Peak temps may rise twice as fast as average temps

NewScientist Environment, August 20, 2008

PEAK temperatures may rise twice as fast as average temperatures as climate change hots up. By 2100 Australia and north-east India can expect peak temperatures of 50 °C, while southern Europe and the U.S. Midwest could exceed 40 °C.

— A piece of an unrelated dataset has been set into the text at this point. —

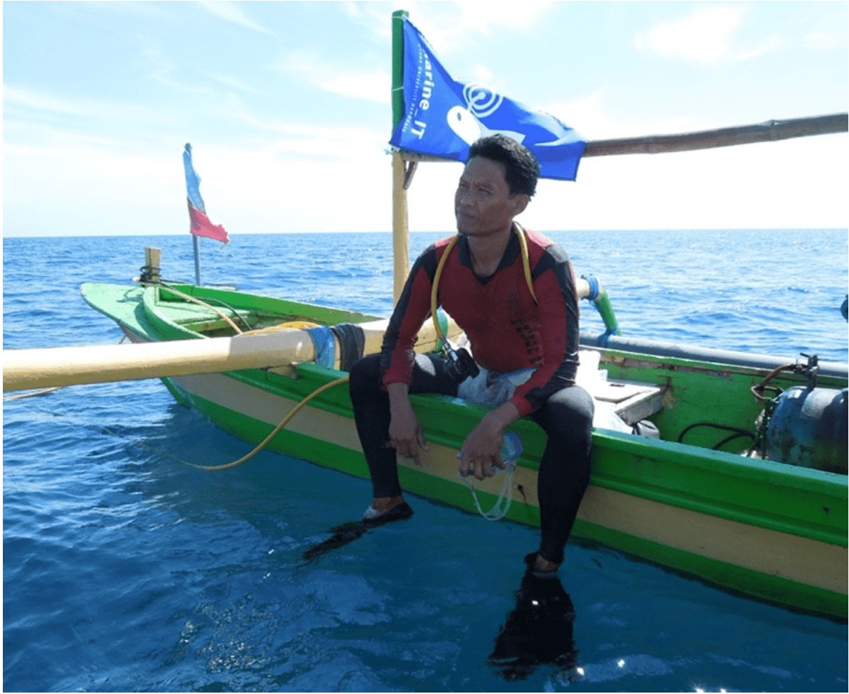 私が海に出たお話をします。ある日、和田雅昭先生から声をかけられて、マリンITに参加することになりました。最初の仕事は、ナマコ漁用のデジタル操業日誌のUIデザインでした。たまたまバスに乗ったような感覚で未来大に着任しましたが、今度は気がつけば船に乗っていたんです(笑)。

So say Andreas Sterl at the Royal Netherlands Meteorological Institute and his colleagues. They used an ensemble of climate models to calculate the peak temperatures the world can expect until 2100, given plausible future greenhouse gas emissions.

The team conclude that peak temperatures will rise twice as fast as average temperatures, resulting in increasingly frequent heatwaves. In particular, they say that by 2100, any point within 40° latitude of the equator will have a 10% chance of peaking at over 48°C each decade (Geophysical Research Letters, DOI: 10.1029/2008G034071).

Besides agricultural and environmental consequences, such heat will have serious health implications, especially for elderly people and those with cardiovascular disease.

During the summer of 2003, when temperatures climbed into the forties in Europe, 35,000 people are thought to have died as a result of the heat. Sterl and his colleagues predict that such tolls will become commonplace if people fail to adapt.

"At those temperatures you just don't go outside and you have to have air conditioning. Farmers might have to start harvesting their crops at night," says Tom Dowling of the Stockholm Environment Institute in Sweden.

From issue 2670 of New Scientist magazine, 20 August 2008, page 17.